In 2003 the UK government introduced the so-called Section 5, a provision requiring social services authorities to make payments in cases where the discharge of patients is delayed for reasons related to the provision of services.

In other words, if a bed is kept occupied for a certain period of time after a patient can be discharged for reasons related to the local authority underperforming, it will be up to that local authority to fork out the money.

It’s easy to imagine why tackling this problem became a priority for the council: finding people a place to stay after they leave the hospital can take a long time, and nobody wants to spend money if they don’t have to.

Refreshingly, Solihull’s response to the issue was to sit down with the local hospital.

Silcock said: “It really is all about flow… or lack of flow in this case. We looked at the patient pathway together with the hospital, trying to figure out what was getting in the way. We agreed on getting the social worker to talk to the nurses to get discharged people out as soon as possible. The new process we put in place created a completely different experience for the customer and for the staff, who started to feel more in control.”

Come to think of it, it is likely that the hospital itself was quite pleased with this newly-acquired ability to free up beds more quickly. And why wouldn’t it? Free beds are one of the number one problems for hospitals the world over.

Another interesting piece of work that the council contributed to is the regeneration of North Solihull, a deprived area that in the past few years has seen the construction of new village centers (local amenities) and investment towards schools, employment opportunities, etc.

People in different areas have different needs, and this is reflected in the work performed by the local authority across the council. The role of government is to manage growth in areas like North Solihull, and lean has helped greatly in this sense.

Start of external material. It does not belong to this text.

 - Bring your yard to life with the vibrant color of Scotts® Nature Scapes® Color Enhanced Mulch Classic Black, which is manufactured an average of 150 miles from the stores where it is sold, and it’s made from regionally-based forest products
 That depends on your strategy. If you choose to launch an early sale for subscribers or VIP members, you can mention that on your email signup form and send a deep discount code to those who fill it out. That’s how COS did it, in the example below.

Silcock said: “To give an example, contact service is based in the north, where people are more in need and the majority of the clients of adult care live. We have transferred some services over there and used lean to look at what could stay and what had to be transferred. At the end of the day, it’s about getting the right people in the right place.”

solihull way lean


VISIBLE LEADERSHIP

It’s not a secret that getting management involved is fundamental if lean is to succeed.

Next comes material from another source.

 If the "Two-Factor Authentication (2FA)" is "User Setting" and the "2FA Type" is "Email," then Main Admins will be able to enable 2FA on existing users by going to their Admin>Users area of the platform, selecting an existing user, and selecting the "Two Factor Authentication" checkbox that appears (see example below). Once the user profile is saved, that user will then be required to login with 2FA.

Solihull has devised a way for the leadership team to take an active role in the implementation of lean and the search for continuous improvements: the “teachable point of view”.

Leaders at Solihull are encouraged to go out in the organization and talk about the Solihull Way in their own experience, by telling what it means to them through their own stories. “We all need to learn a different way of leading, where leaders are teachers,” confirmed Mayhew.

The overarching goal of Solihull MBC is improving its services to change the lives of citizens. This is echoed by the words of CEO Mark Rogers: “Lean suits Solihull because it focuses on customer value, which fits perfectly with our philosophy of putting lives before services. A cultural benefit of the approach has been the slow but sure development of the organization’s understanding of putting our customers first.”